На арестантской барже

Берег у пристани мало-помалу опустел. Изредка лишь подъезжали и подходили запоздалые пассажиры, но на барже до того самого момента, когда пароход тронулся в путь, кипела жизнь. Никто из арестантов и арестанток не думал ложиться на жесткие нары. По мере входа арестантов на баржу их распределяли по камерам, которых было четверо, три мужских и одна женская, по две с каждой стороны. Середина занята проходом для часовых, а в конце этого прохода, на носу, помещается каюта этапного офицера. На корме пристроена арестантская кухня и помещение команды. Таково внутреннее расположение арестантской баржи.

Каторжные и беглые занимали отдельную камеру — это аристократы ссылки. В ней сравнительно господствует тишина. Они ведут себя степенно, чинно, почти величаво, как бы в сознании своего превосходства над остальными пассажирами баржи, превосходства, добытого важностью совершенных преступлений. Их полубритые головы придают и без того несимпатичным лицам выражение зверское, отталкивающее.

Две другие мужские камеры наполнены бродяжками, ссылаемыми на житье, на поселение. Они сравнительно бесцветны по типам их невольных пассажиров — обыкновенно забитые, испуганные русские крестьянские лица и хитрые птичьи физиономии «жидков», прорвавшихся в каком-нибудь гешефте, но в виду их врожденной мошеннической осторожности попавших большею частью «на житие», реже «на поселение». Они держатся в стороне и болтают без умолку на своем жаргоне, сильно, по обыкновению, жестикулируя. Несколько татар перебрасываются изредка на своем языке. Русский элемент молчалив и занят, кто едой купленной на берегу провизии, а окончившие насыщаться — позевывают, изредка переругиваясь между собой, без злобы, а как бы для времяпрепровождения.

В женской камере, согласно русской пословице: «где две бабы — базар, где три — ярмарка», стоял положительный гул от визгливых голосов беседующих друг с другом арестанток, перемешанный с громким пестаньем ребят и криком последних. Типы арестанток тоже были все из обыденных, и лишь одна, лежащая в дальнем уголке камеры на нарах, с сложенным арестантским халатом под головой, невольно привлекала к себе внимание.

Брюнетка с матовым цветом лица, от болезненной худобы сделавшимся восковым и почти прозрачным, с большими черными огневыми глазами, полузакрытыми отяжелевшими веками и густыми ресницами, которые она с трудом поднимала, изредка окидывая грустным взглядом окружающую обстановку.
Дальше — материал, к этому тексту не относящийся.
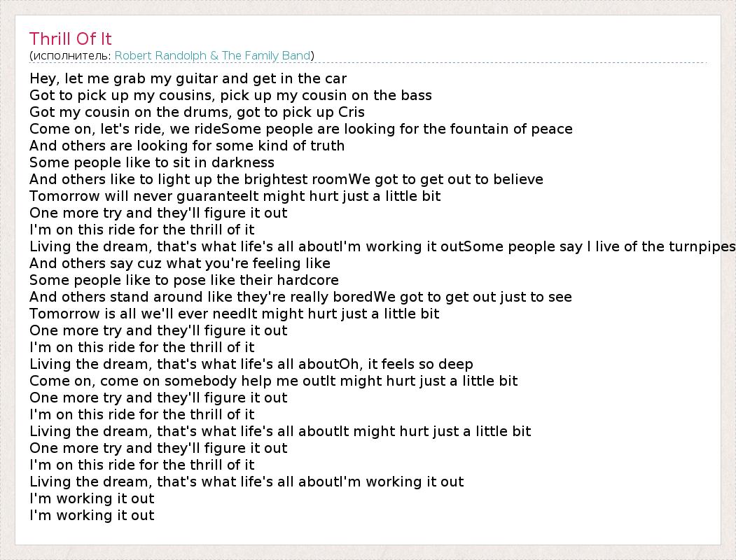 Hey, let me grab my guitar and get in the car Got to pick up my cousins, pick up my cousin on the bass Got my cousin on the drums, got to pick up Cris Come on, let's ride, we rideSome people are looking for the fountain of peace And others are looking for some kind of truth Some people like to sit in darkness And others like to light up the brightest roomWe got to get out to believe Tomorrow will never guaranteeIt might hurt just a little bit One more try and they'll figure it out I'm on this ride for the thrill of it Living the dream, that's what life's all aboutI'm working it outSome people say I live of the turnpipes And others say cuz what you're feeling like Some people like to pose like their hardcore And others stand around like they're really boredWe got to get out just to see Tomorrow is all we'll ever needIt might hurt just a little bit One more try and they'll figure it out I'm on this ride for the thrill of it Living the dream, that's what life's all aboutOh, it feels so deep Come on, come on somebody help me outIt might hurt just a little bit One more try and they'll figure it out I'm on this ride for the thrill of it Living the dream, that's what life's all aboutIt might hurt just a little bit One more try and they'll figure it out I'm on this ride for the thrill of it Living the dream, that's what life's all aboutI'm working it out I'm working it out I'm working it out
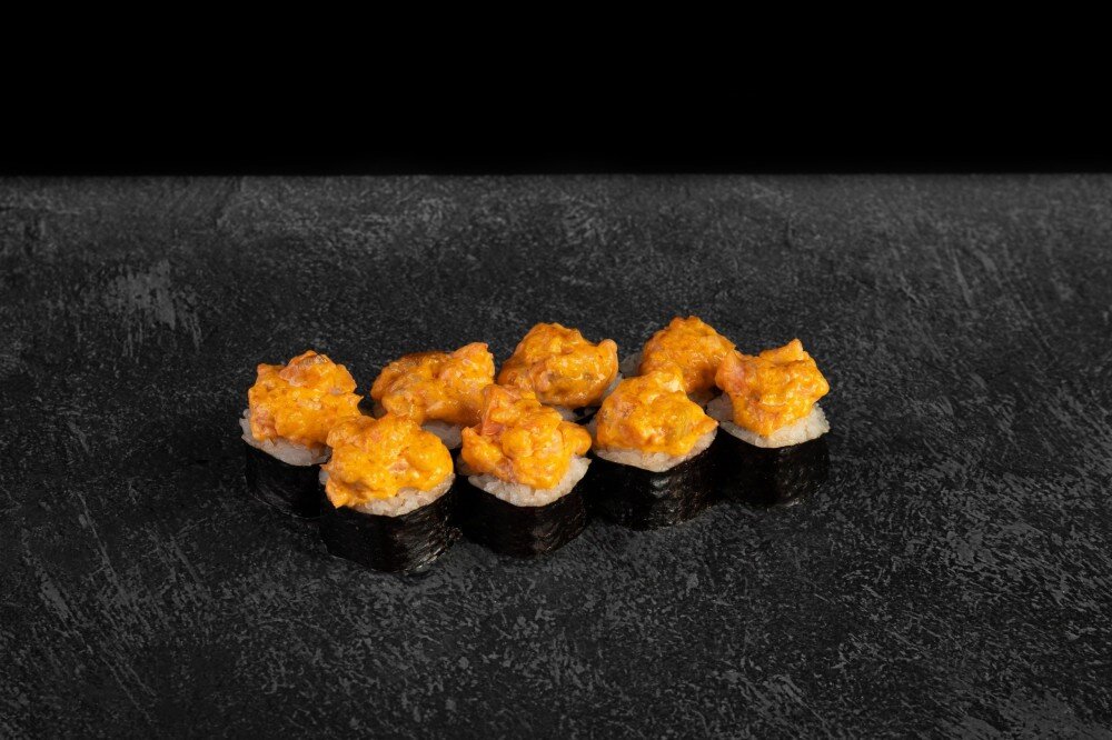 260 гр Состав: нори, рис, сыр, пекинская капуста, лосось, спайси соус

Все черты ее еще молодого лица дышали энергией, надломленной жизнью, или скорее приближающейся смертью, на близость которой красноречиво указывал ее яркий чахоточный румянец. Греческий красивый нос принял уже заостренную форму, и под неуклюжим арестантским платьем можно было угадать высокую, стройную и хорошо когда-то сложенную женщину, от которой остались теперь только, как говорится, кожа да кости.

Около нее, также как и она, не принимая участия в общем гомоне, царившем в камере, сидела старуха-арестантка с добрым, несколько слезливым выражением морщинистого лица. Такое выражение часто встречается у старух крестьянок.

— Что, болезная, отдохнула? — наклонилась она к молодой и в тоне ее голоса прозвучала нотка искренней жалости.

Молодая бросила на нее удивленно-благодарный взгляд, красноречиво свидетельствовавший, что она не привыкла встречать сострадание, и слабым голосом отвечала:

— Благодарю, бабушка, теперь как будто получше. Устала уж я очень, от острога-то ведь пешком не близко.